Буржуазная политэкономия рассматривает как богатство лишь мир вещных материальных ценностей. Для нее рабочий лишь средство для приращения богатства. Она увещевает рабочего смирять свои потребности, отказываться от жизненных удовольствий ради сбережения и накопления денег и вещей.
Чем меньше ты ешь, пьешь, покупаешь книг, чем реже ходишь в театр, на балы, в кафе, чем меньше ты думаешь, любишь, теоретизируешь, поешь, фехтуешь и т.д., тем больше ты сберегаешь, тем больше становится твое сокровище, твой капитал, приобретенные тобой вещи.
Без денег, без вещей человек, с этой точки зрения, ничто. Вещи и деньги придают ему вес и значение в обществе, они делают его значительным даже в собственных глазах.
Все то, чего не можешь ты, могут твои деньги. Они могут есть, пить, ходить на балы, в театр, могут путешествовать, умеют приобрести себе искусство, ученость, исторические редкости, политическую власть.
Маркс цитирует в своих «Экономическо-философских рукописях 1844 года» монолог Тимона Афинского, в уста которому Шекспир вложил слова о всемогуществе «желтого дьявола»:
Да, этот плут сверкающий начнет
И связывать и расторгать обеты,
Благословлять проклятое, людей
Ниц повергать пред застарелой язвой,
Разбойников почетом окружать,
Отличьями, коленопреклоненьем,
Сажая их высоко, на скамьи
Сенаторов.
Шекспир, по мнению Маркса, «превосходно изображает сущность денег», особенно подчеркивая два свойства:
деньги – это «видимое божество, превращение всех человеческих и природных свойств в их противоположность, всеобщее смешение и извращение вещей»;
деньги – это «наложница всесветная, всеобщий сводник людей и народов. Они – отчужденная мощь человечества».
Эти идеи, навеянные поэзией Шекспира и Гёте, Маркс затем развил в работе «К критике политической экономии» и в «Капитале».

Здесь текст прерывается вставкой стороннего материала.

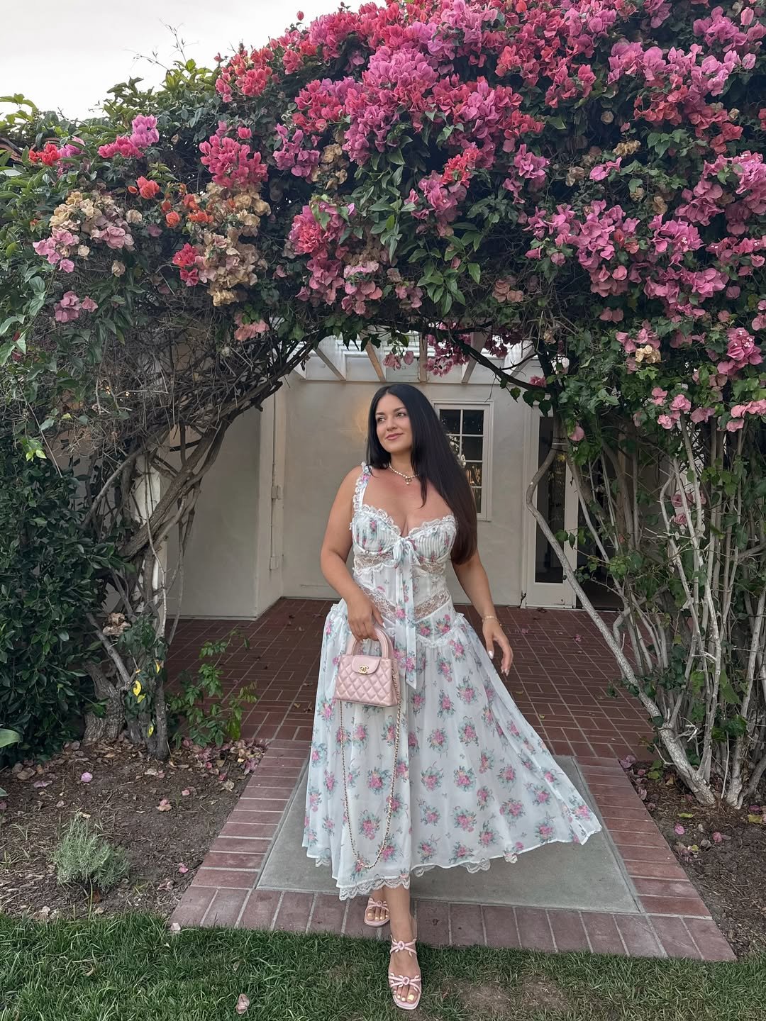 There’s something so charming about a floral midi under a canopy of blooms. The corset-style bodice and soft pink print feel feminine without tipping into costume territory. It’s classic spring, but elevated.
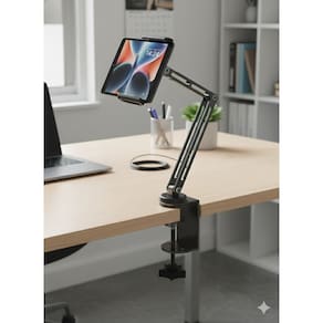 O grande diferencial do DeskArm SU-261 reside na sua ergonomia avançada e no sistema de fixação tipo morsa (clamp). Ao ser ancorado na borda da mesa ou bancada, ele libera o espaço útil que suportes convencionais ocupariam, permitindo uma organização superior da área de trabalho. O mecanismo de fixação é ajustável e possui proteções internas para não danificar o mobiliário, garantindo uma ancoragem sólida e livre de vibrações. Esta estabilidade é fundamental para quem realiza gravações de vídeo "overhead" (visto de cima), lives ou participa de reuniões virtuais, onde a trepidação da imagem pode comprometer a qualidade da transmissão profissional.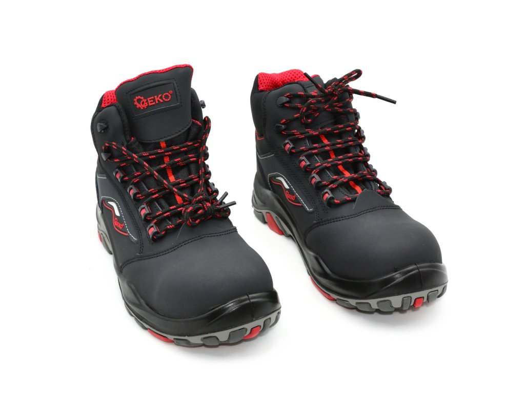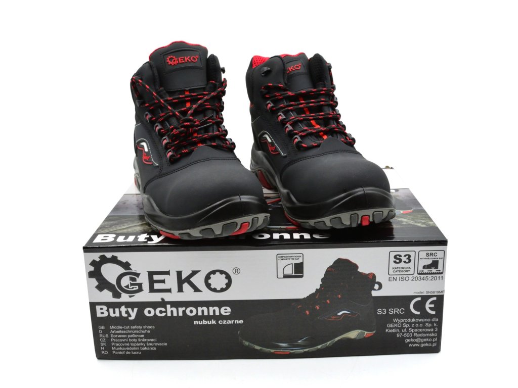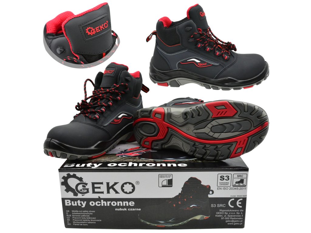 Încălțăminte profesională de lucru din piele PREMIUM de clasă S3 SRC de la renumitul brand GEKO, proiectată pentru a proteja picioarele de influențele externe, maximizând confortul și siguranța în muncă. Această încălțăminte îndeplinește standardele pentru încălțăminte de protecție: CE EN ISO 20345:2011.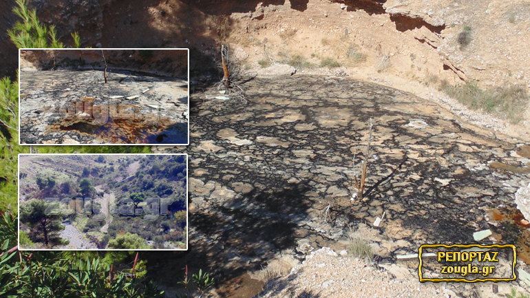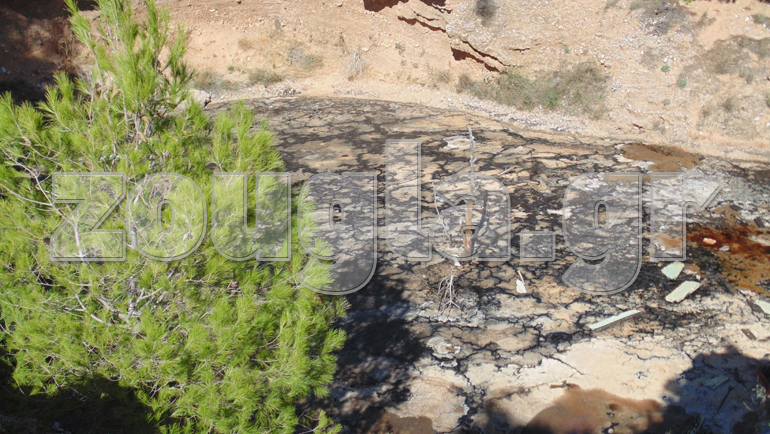 Τόνοι με τοξικά απόβλητα αδειάζονται από βυτιοφόρα με αποτέλεσμα στο σημείο να έχει δημιουργηθεί μια λίμνη μαύρου χρώματος με συμπαγή επιφάνεια. Η οσμή στο χώρο είναι αποπνικτική.

В мире, вывороченном наизнанку, в мире отчуждения приобретательство, как показал молодой Маркс, становится целью жизни, утилитарно потребительское отношение к вещам выступает вместо развития истинно человеческих потребностей.
Вещь становится мерой человека, а не человек мерой вещи. Вещное богатство замещает богатство человеческих способностей.
Мир отчуждения – мир грубых, примитивных потребностей, которые сводятся к обладанию. «Частная собственность сделала нас настолько глупыми и односторонними, что какой-нибудь предмет является нашим лишь тогда, когда мы им обладаем», то есть едим, пьем, носим на своем теле и т.д.
На место всех физических и духовных чувств стало простое отчуждение всех этих чувств – чувство обладания.
В результате не только в процессе труда вещи господствуют над человеком, они господствуют над ним и дома. Сосредоточивая свои интересы на вещах, человек не замечает, что становится их слугой, что они диктуют ему не только характер и темп труда, но и характер и стиль его отдыха, характер и стиль его личных отношений с людьми.
Снятие[13] отчуждения в мире, организованном по-человечески, будет означать не только изменение характера отношений человека с человеком, но и изменение всего содержания его жизни.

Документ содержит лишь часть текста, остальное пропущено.